The African National Congress Youth League (ANCYL) would engage with business, labour and communities in coming weeks to hear if they could provide any alternatives to nationalisation and land expropriation.
In an article posted on the league’s website, the ANCYL president Julius Malema said that these parties were “blowing hot air” and not providing alternatives to bring about real economic transformation.
“We have patiently and attentively listened to what business said, to what the South African Communist Party said, to what some leaders in the ANC said, but we still cannot hear any alternative to our programme for economic freedom in our lifetime.”
Malema also accused business of intimidation through their threats of disinvestment in South Africa and added that ANC leaders, that failed to see to the transfer of wealth, wrote “waffling analysis”, which the league said it did not understand.
“White domination over the black majority is still a reality owing to massive economic inequalities.

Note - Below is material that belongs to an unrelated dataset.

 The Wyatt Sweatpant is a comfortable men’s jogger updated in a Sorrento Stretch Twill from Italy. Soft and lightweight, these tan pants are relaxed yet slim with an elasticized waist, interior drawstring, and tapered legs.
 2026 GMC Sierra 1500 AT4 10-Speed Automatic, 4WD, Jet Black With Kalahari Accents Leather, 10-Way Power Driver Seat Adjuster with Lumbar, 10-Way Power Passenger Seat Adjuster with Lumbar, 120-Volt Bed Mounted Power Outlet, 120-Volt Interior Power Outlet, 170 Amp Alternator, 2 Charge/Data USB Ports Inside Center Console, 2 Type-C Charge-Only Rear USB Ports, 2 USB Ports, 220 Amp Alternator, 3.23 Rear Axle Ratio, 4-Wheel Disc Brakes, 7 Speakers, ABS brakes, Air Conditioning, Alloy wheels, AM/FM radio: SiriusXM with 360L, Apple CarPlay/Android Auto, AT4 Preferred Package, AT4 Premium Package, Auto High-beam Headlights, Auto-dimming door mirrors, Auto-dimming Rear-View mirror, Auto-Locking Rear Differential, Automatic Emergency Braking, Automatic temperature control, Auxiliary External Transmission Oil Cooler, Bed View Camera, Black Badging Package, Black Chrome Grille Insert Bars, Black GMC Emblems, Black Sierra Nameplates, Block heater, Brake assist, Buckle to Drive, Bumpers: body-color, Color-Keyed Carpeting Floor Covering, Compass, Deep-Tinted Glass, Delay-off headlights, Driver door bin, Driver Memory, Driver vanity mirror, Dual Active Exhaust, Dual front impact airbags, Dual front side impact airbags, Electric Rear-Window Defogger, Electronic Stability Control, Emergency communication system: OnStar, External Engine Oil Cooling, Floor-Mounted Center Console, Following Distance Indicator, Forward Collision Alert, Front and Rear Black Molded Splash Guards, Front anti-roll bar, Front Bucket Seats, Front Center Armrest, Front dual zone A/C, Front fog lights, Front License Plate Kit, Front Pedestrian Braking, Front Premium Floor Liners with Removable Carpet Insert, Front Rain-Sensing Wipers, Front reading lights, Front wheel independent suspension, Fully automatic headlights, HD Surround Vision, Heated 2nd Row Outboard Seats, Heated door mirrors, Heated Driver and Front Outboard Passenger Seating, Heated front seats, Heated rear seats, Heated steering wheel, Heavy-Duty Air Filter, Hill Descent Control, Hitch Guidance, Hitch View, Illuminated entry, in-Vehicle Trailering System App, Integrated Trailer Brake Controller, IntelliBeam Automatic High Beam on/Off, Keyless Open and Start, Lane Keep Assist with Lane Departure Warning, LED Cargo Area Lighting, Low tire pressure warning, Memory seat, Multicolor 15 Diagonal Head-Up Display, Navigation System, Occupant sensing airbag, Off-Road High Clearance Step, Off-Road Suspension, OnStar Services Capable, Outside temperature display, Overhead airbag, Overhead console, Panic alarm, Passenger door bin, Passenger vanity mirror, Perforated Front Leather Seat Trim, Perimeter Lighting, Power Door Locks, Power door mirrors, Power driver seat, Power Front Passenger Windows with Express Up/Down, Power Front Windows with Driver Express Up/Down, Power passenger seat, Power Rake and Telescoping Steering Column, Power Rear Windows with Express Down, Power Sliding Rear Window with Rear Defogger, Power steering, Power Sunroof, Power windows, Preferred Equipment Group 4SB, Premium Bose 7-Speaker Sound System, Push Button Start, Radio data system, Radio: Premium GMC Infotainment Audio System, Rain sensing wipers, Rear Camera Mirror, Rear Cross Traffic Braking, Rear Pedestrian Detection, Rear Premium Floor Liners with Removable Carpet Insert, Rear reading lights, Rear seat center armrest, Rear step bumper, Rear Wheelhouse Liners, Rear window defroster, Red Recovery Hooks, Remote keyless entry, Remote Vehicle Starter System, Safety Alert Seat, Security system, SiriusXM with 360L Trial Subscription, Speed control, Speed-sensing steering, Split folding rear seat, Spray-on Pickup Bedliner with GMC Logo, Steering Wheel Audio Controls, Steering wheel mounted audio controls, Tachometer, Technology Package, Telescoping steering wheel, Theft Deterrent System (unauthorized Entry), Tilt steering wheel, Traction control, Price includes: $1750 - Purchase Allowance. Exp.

The status quo is not an option, and the ANCYL has a political and economic programme to address this. What are the analysts, big business, communists and neo-liberal sycophants saying should be the alternative?” asked Malema.
The ANCYL has proposed that the government take stakes of at least 60% in mines. But big business and analysts have warned that nationalisation with compensation would destroy South Africa’s fiscal stability, while nationalisation without compensation would go against the country’s Constitution.
The ANC has commissioned a study which will look at the South African mining sector, as well as four other countries where the industry has been partly or fully nationalised.
The issue of nationalisation would be discussed at the ANC’s policy conference next year.